De officier van justitie heeft ervoor gekozen om de ontnemingsvordering (slechts) te baseren op de vermeende opbrengst uit de verkoop van een partij hasjiesj van ruim 25 kilogram op 4 november 2020. Hoewel de rechtbank in beginsel niet gebonden is aan die grondslag acht de rechtbank het in dit geval in strijd met het gewekte vertrouwen richting de verdediging om die grondslag te verlaten.
Over die transactie op 4 november 2020 overweegt de rechtbank als volgt. Hoewel het voor de hand ligt dat voor de verstrekte partij hasjiesj al dan niet op voorhand op enige wijze betaald is, blijkt zulks niet zonder meer uit het dossier.
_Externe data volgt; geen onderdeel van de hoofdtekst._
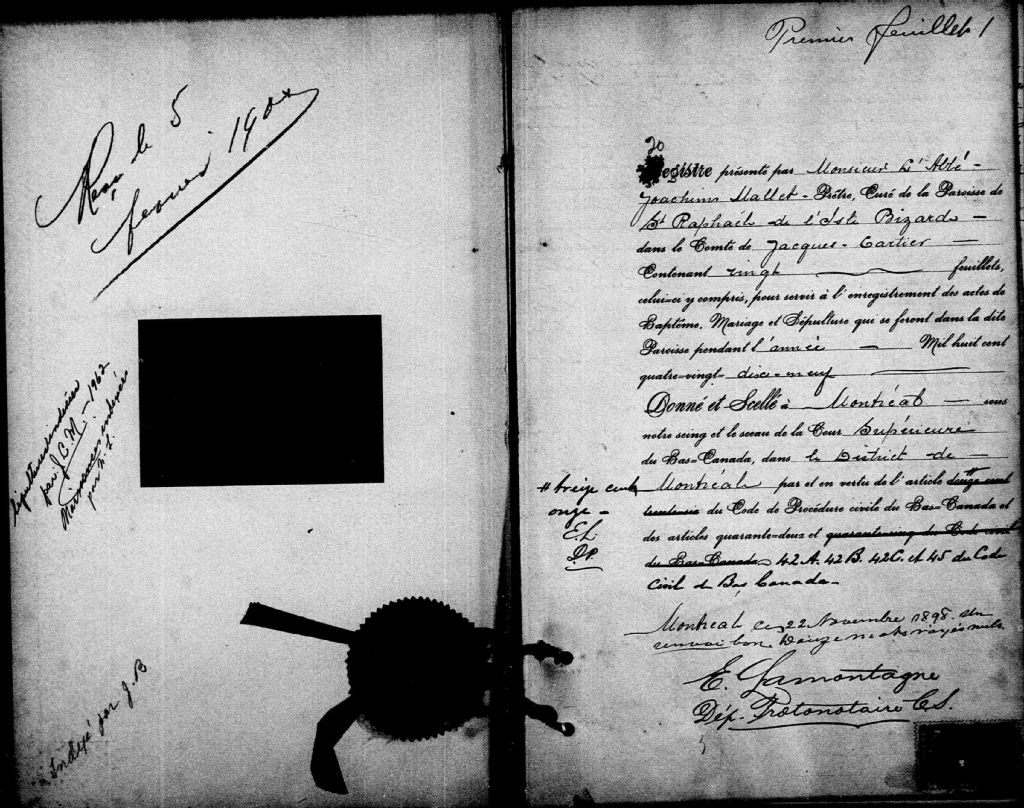 Saint-Raphaël-de-l'Île-Bizard, 1844-1922, Archives nationales à Montréal, Fonds Cour supérieure. District judiciaire de Montréal. État civil, (06M,CE601,S56).

Daar komt nog bij dat, zo al betaald zou zijn, niet concreet vastgesteld kan worden aan wie betaald is, hoeveel betaald is, welke kosten daar tegenover stonden en hoe de verdeling van de netto opbrengst tussen de drie veroordeelden was. Hoewel de berekening van de officier van justitie over die opbrengst te verdedigen is, acht de rechtbank het onder de geschetste omstandigheden een te grote stap om over te gaan tot het opleggen van een hoofdelijke betalingsverplichting aan alle drie de veroordeelden.
Kortom, de rechtbank zal bij gebrek aan concrete informatie over de opbrengst en de verdeling daarvan de vordering van de officier van justitie afwijzen.
De rechtbank:
- wijst af de vordering van de officier van justitie tot ontneming van wederrechtelijk verkregen voordeel.
Deze uitspraak is gewezen door mr. M.J.H. van den Hombergh, voorzitter, mr. E.B.A. Ferwerda en mr. S.A.M.C. van de Winkel, rechters, in tegenwoordigheid van mr. O.A.G. Corten, griffier, en uitgesproken ter openbare zitting van 11 juni 2024.